“Endometriosis is a condition where tissue from the uterine lining decides to grow in other random parts of your body, causing pain. This can interfere with fertility and overall health and honestly — happiness,” Culpo wrote, calling the condition excruciatingly painful. “I have been in agony for years around my period and I was misdiagnosed countless times by doctors,”
Culpo added that before being diagnosed, she was often told by doctors that her ultrasounds looked normal and to just take Tylenol. “I think you just need to rest more, periods are always uncomfortable for people,” Culpo quoted one doctor saying before adding, "Painful periods are not normal!!!”
It takes adults with the painful condition an average of 6.7 years to be accurately diagnosed, according to the medical journal Current Obstetrics and Gynecology Reports. Emma Roberts recently spoke out about having gone undiagnosed for years, despite struggling with “debilitating cramps and periods,” in an interview in Cosmopolitan.
Unfortunately, many women with endometriosis can relate to the experience of having their symptoms brushed off by doctors. As Culpo points out, the condition can be difficult to diagnose because doctors are unable to see it on ultrasounds; diagnosis often requires surgery. But studies have also shown that doctors often don’t take women’s pain as seriously as men’s, which may also explain why it takes people so long to be diagnosed.
Culpo first opened up about having the condition this past August in an Instagram story. "There's a surgery you can get for it but I don't want to get," she said at the time.

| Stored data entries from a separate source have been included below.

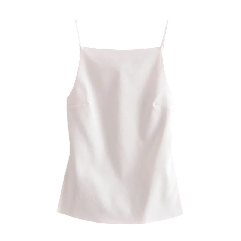 Damskie Koszulka z Okrągłym Wycięciem Cienkie Ramiączka Odkryte Plecy Jednokolorowy Letni Koszulka z Poliestru do Lekkiego Noszenia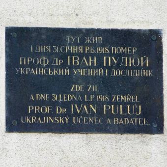 Commemorative plaque of Professor Ivan Puluj in Preslov Street in Prague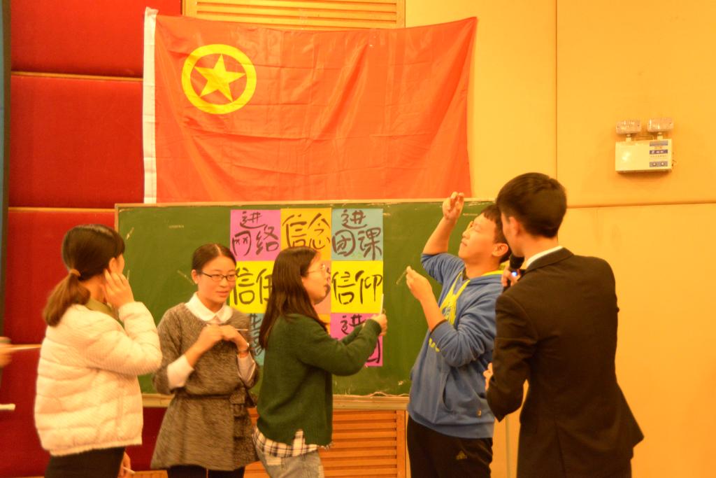 作为校十佳精品团日活动,此次活动以“一位旅行者的中国梦主题旅游路线”为轴,从政治、经济、文化、社会、生态这五个版块带领同学们领略中国梦内涵。第一站—bat365中文官方网站,通过小品表演,幽默诙谐地展示了当代大学生敢想敢干的创业精神;第二站—重庆江北嘴,现场模拟《一站到底》进行激烈的财经知识竞答来鼓励大学生们学以致用,为社会创造价值;第三站—国家政治之都北京,以现场互动的方式普及热门政治词“四进四信”;第四站—魅力之地上海,感触活色生香的中国传统文化,将书、画、礼、乐四种文化之美融合为一,呈现出清素典雅的中国风;第五站—心灵之境西藏,净地的天高云淡与城市的雾霾满天形成鲜明对比,“财金名嘴奇葩说”关注生态问题,以语言交锋辩论“经济发展与环境保护能否并行”,呼吁共同建设绿色中国。春活力的表演与活动在带给大家欢乐的同时,也诠释了属于大学生的“中国梦”信念。活动最后,刘书记发表总结致辞,指出中国梦与现实生活的必然联系,倡导“五个自信”共同助力中国梦。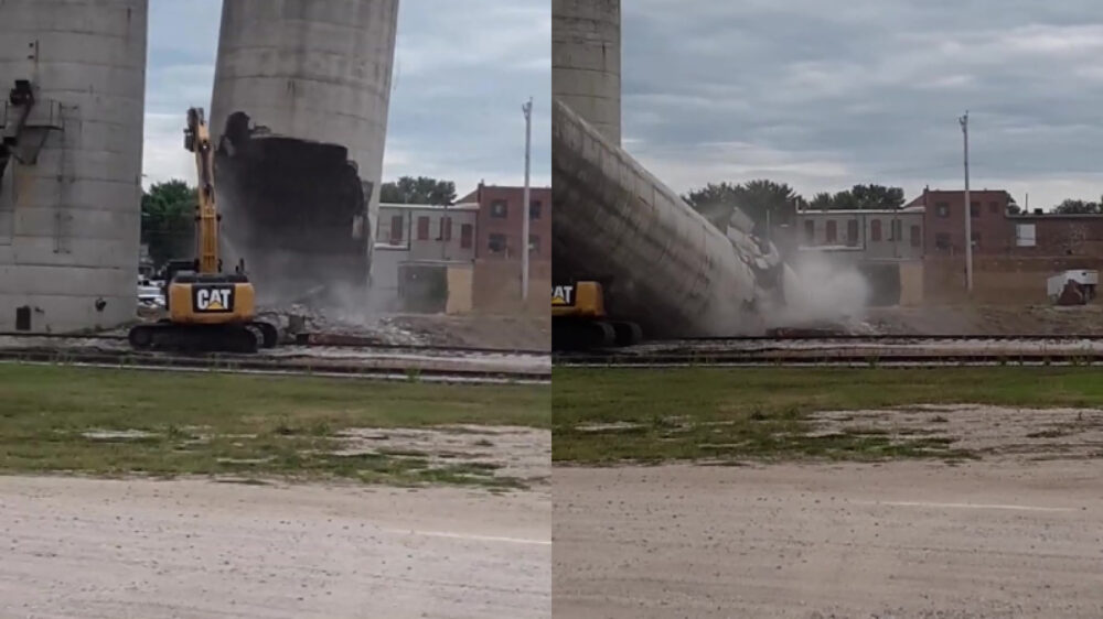 Nu ben ik geen expert, maar het lijkt enigszins logisch dat zo'n silo jouw kant op komt als je aan die onderkant aan het slopen gaat. Wonder boven wonder kwam de machinist er vanaf met slechts een lichte verwonding aan zijn elleboog.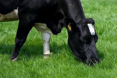 Keywords: cow animal cattle eating black green pasture graze isolated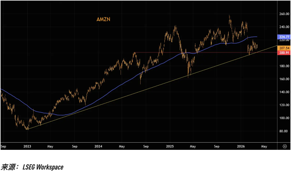 亚马逊(AMZN)的处境与之相似——股价自去年11月以来几乎原地踏步,持续在200日均线下方挣扎,但仍守在更长周期的趋势线之上,整体陷入两难的胶着状态。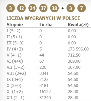 W Polsce odnotowanych zostało 5 wygranych IV stopnia po 173,5 tys. zł.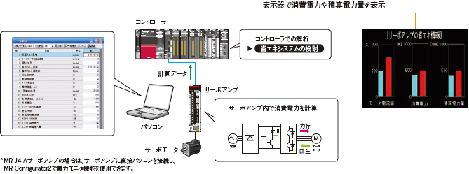 サーボアンプ内での速度や電流などのデータから力行/回生電力を計算。MR Configurator2で消費電力などのモニタができます。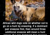 unbfacts: African Wild Dogs vote on whether not to go on a hunt by sneezing. If a dominant pair sneezes first, then around three additional sneezes will mean a hunt occurs. If a non-dominant dog sneezes first, then it typically takes 10 additional sneezes to sway the group to hunt. Source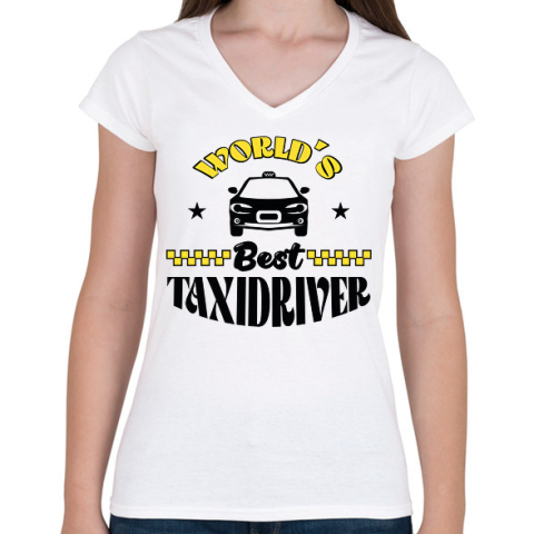1 kép PRINTFASHION World's best taxidriver - Női V-nyakú póló - Fehér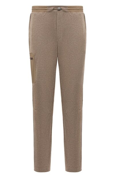 Меланжевые брюки из кашемирового трикотажа дополнили четырьмя прорезными карманами и одним карманом карго из гладкого текстиля. Из такого же материала выполнили и широкий эластичный пояс-кулиску с фактурной петлей сзади.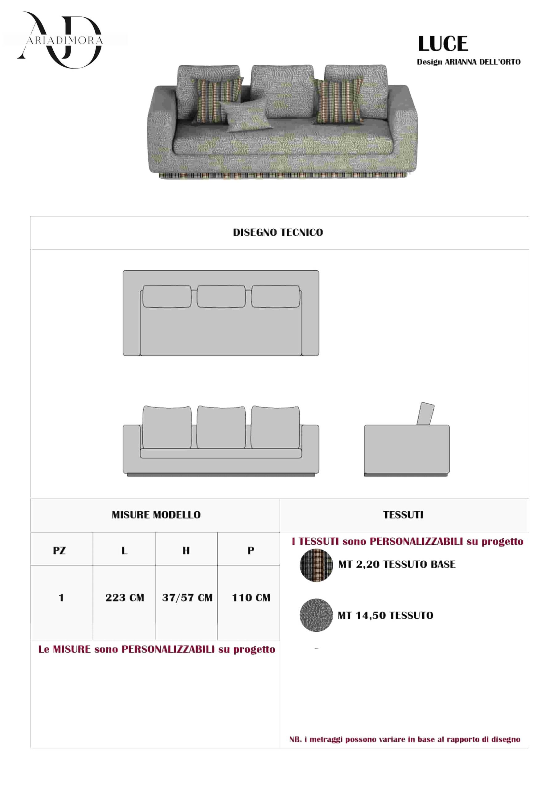 A rendere Luce unico è la possibilità di scegliere qualsiasi texture dall’archivio Ariadimora, superando i limiti delle collezioni standard. In base alla texture selezionata, il divano assume un’identità diversa: da sobria a vivace, da minimal a audace.

In her more recent post, Culpo thanked the medical staff at the healthcare organization Atrium Health, calling them “literal angels.” The first two pictures show Culpo in her hospital bed, and the third shows her stomach with three, heart-shaped pieces of gauze taped to her midsection.
Culpo ended her caption with a shout-out to other people with endometriosis. “I understand the depression, and overall loneliness that can occur with a condition that is so painful yet so hard to be interpreted by other people outside of the body. It’s hard when chronic pain is not validated and you don’t get an answer or understanding,” Culpo wrote. “To my Endo warriors, I will continue to spread more awareness around endometriosis so that your symptoms can be validated. You are not alone and you are so strong!!!!”